**What this task involves**
Any images in the material are to be dropped while every line is retyped exactly.

**Dataset section**
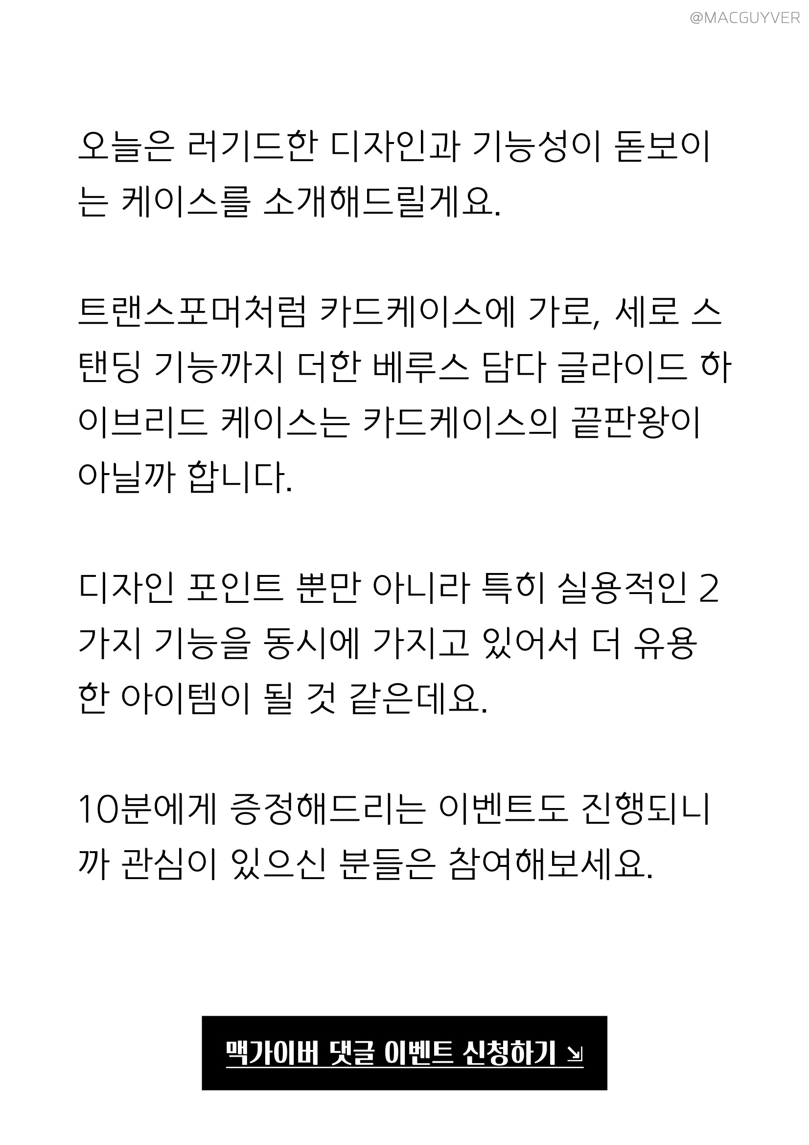 오늘은 러기드한 디자인과 기능성이 돋보이는 케이스를 소개해드릴게요. 트랜스포머처럼 카드케이스에 가로, 세로 스탠딩 기능까지 더한 베루스 담다 글라이드 하이브리드 케이스는 카드케이스의 끝판왕이 아닐까 합니다. 10분에게 증정해드리는 이벤트도 진행되니까 관심이 있으신 분들은 참여해보세요. 아이폰12 케이스, 아이폰12프로 케이스외에 갤럭시 모델들도 선택하실 수 있습니다.
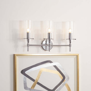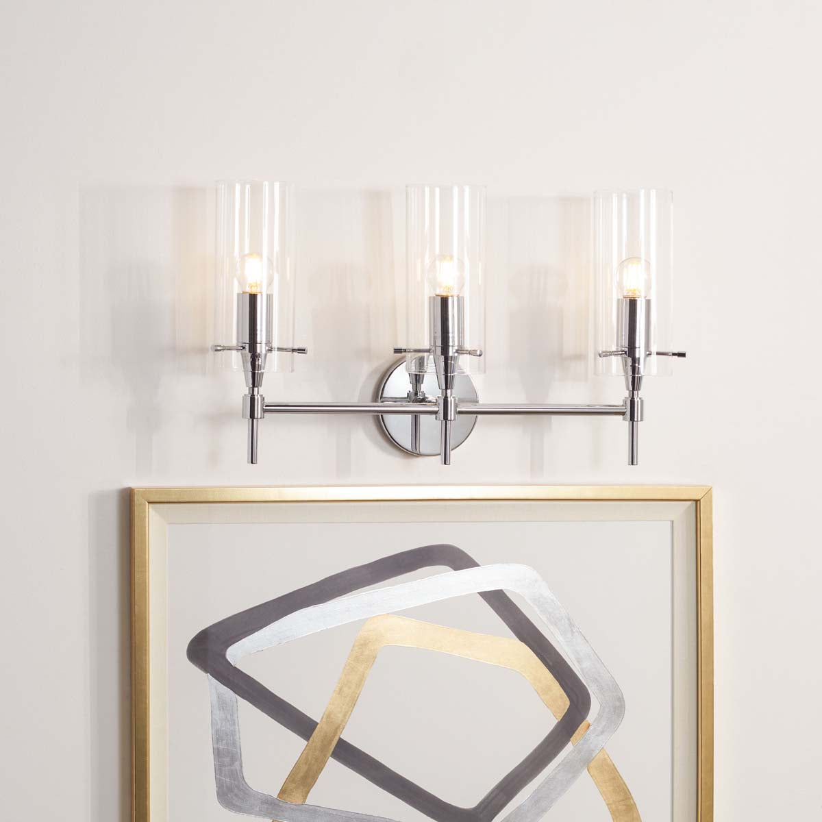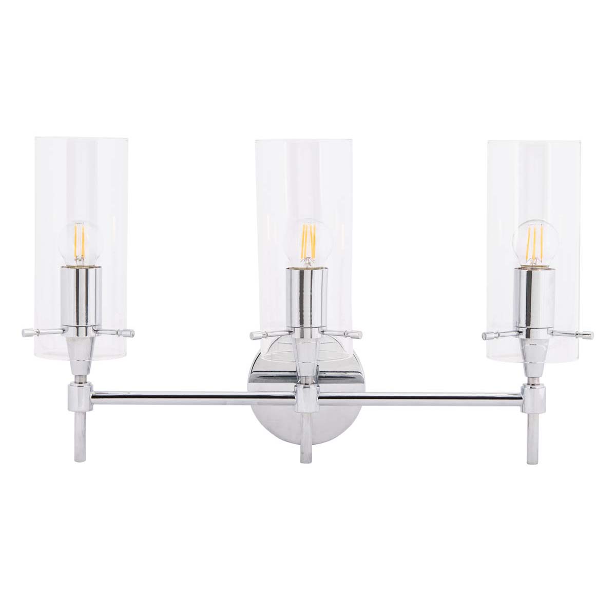 Designed to cast a sensational shimmer in any interior, this Norala Vanity Sconce is at once modern and classic. Norala's three glass shades and industrial inspired bulb are highlighted by a sleek chrome frame, making it the Decor smart choice above a mirror in both the boudoir and bathroom.
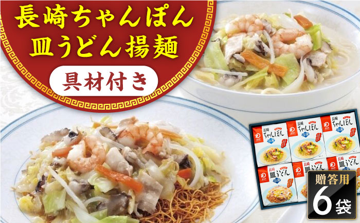 長崎の名物ちゃんぽん・皿うどんの詰合せです! 【具材付き】長崎ちゃんぽん・皿うどん 6人前(各3人前) 詰合せ 贈答用<みろく屋> [QBP056] / 長崎県 佐々町

**Task answer**
 오늘은 러기드한 디자인과 기능성이 돋보이는 케이스를 소개해드릴게요. 트랜스포머처럼 카드케이스에 가로, 세로 스탠딩 기능까지 더한 베루스 담다 글라이드 하이브리드 케이스는 카드케이스의 끝판왕이 아닐까 합니다. 10분에게 증정해드리는 이벤트도 진행되니까 관심이 있으신 분들은 참여해보세요. 아이폰12 케이스, 아이폰12프로 케이스외에 갤럭시 모델들도 선택하실 수 있습니다.
 Designed to cast a sensational shimmer in any interior, this Norala Vanity Sconce is at once modern and classic. Norala's three glass shades and industrial inspired bulb are highlighted by a sleek chrome frame, making it the Decor smart choice above a mirror in both the boudoir and bathroom.
 長崎の名物ちゃんぽん・皿うどんの詰合せです! 【具材付き】長崎ちゃんぽん・皿うどん 6人前(各3人前) 詰合せ 贈答用<みろく屋> [QBP056] / 長崎県 佐々町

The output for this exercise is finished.